Setting the ORACLE_HOME Variable

The ORACLE_HOME environment variable specifies where the Oracle database software is installed. The ORACLE_HOME location must not be the same as ORA_CRS_HOME. For the Oracle database software a typical default location would be /u01/app/oracle/product/11.2.0/dbhome_1 if the ORACLE_HOME environment variable is not set before installation, the actual default location is determined by the OUI in a path dependent on whether ORACLE_BASE is also set. If ORACLE_BASE is set the ORACLE_HOME environment variables can also be set temporarily to ORA_CRS_HOME before installing the Grid Infrastructure software to ensure that the Grid Infrastructure Software is installed in a separate location from the ORACLE_BASE. After installation the ORACLE_HOME is used in many configuration environments to identify the location of the Oracle database software and configuration files and if accepting the default OUI values you should ensure that it is set correctly to these values after the install is complete.

Configuring the ORACLE_SID Variable

The ORACLE_SID environment variable defines the Oracle system identifier (SID) of the database instance on an individual node. In a standard, single-instance Oracle environment, the ORACLE_SID is the same as the global database name. In a RAC environment, each node has an instance accessing the same database. Therefore, each instance should have a different value for ORACLE_SID. We recommend that these values should take the form of the global database name, which begins with an alphabetic character, can be up to eight characters in length, and has a suffix for which the default is the instance number. For example, a database with a global database name of PROD might have these corresponding ORACLE_SID values on different nodes: PROD1, PROD2, PROD3, and PROD4.

If you're configuring an administrator-managed approach to workload management, then you can set the ORACLE_SID statically set for each node in the cluster, as well as its corresponding instance. If you're configuring a policy managed database, however, then you don't want to fix the ORACLE_SID on a particular node. Instead, you want to allocate it dynamically to nodes according to the workload policy. For this reason, if the ORACLE_SID environment variable is statically set, it may not correspond to the instance running on a node at a particular point in time.
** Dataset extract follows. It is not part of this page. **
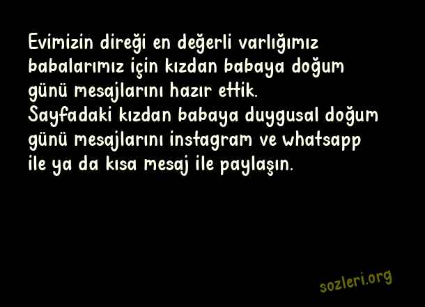 Evimizin direği en değerli varlığımız babalarımız için kızdan babaya doğum günü mesajlarını hazır ettik. Sayfadaki kızdan babaya duygusal doğum günü mesajlarını instagram ve whatsapp ile ya da kısa mesaj ile paylaşın. ( Kızdan Babaya Doğum Günü )

Therefore, it should reference the name of the current running instance before being set accordingly. Alternatively, under a policy managed database, the instances may be pinned to their respective nodes to ensure that Clusterware maintains the same node number order. Thus, you might pin the same ORACLE_SID allocation with this command:

crsctl pin css -n
...

Setting the ORA_CRS_HOME Variable

The ORA_CRS_HOME environment variable specifies the directory located parallel to the ORACLE_BASE directory. This is the directory where the Oracle Grid Infrastructure software is installed, as in this example:

/u01/app/11.2.0/grid

The Grid Infrastructure software must not be installed on a shared file system, even if the ORACLE_HOME variable has been configured in this way. We do recommend adhering to the OFA standards in this case. However, if you do not wish to adhere to them, then the Grid Infrastructure software may be installed in any location that is not the existing ORACLE_HOME for the Oracle database software, as long as ownership can be set to the root user. The ORACLE_HOME environment variable may not be used directly by the OUI; instead, the ORACLE_HOME environment variable must temporarily be set to this value when installing the Grid Infrastructure software to a particular user-specified directory. Once operational, however, this environment variable provides a distinct value for identifying the directory where the Grid Infrastructure software is installed. The ORA_CRS_HOME should also be set in the PATH environment variable of the root user.

In the 11g Release 2 documentation, the ORA_CRS_HOME variable is also interchangeably referred to as CRS_HOME or GRID_HOME. ORA_CRS_HOME is an environment variable set and used by some Oracle configuration scripts, so some people advise that you should not set it. Conversely, you may see conflicting advice that provides guidance on how to set this environment variable. We recommend that you set ORA_CRS_HOME, but ensure that it is set to the correct location, such as /u01/app/11.2.0/grid. If you choose not to set ORA_CRS_HOME, then you should set an environment variable (such as GRID_HOME) to use as your environment reference to the Grid Infrastructure software.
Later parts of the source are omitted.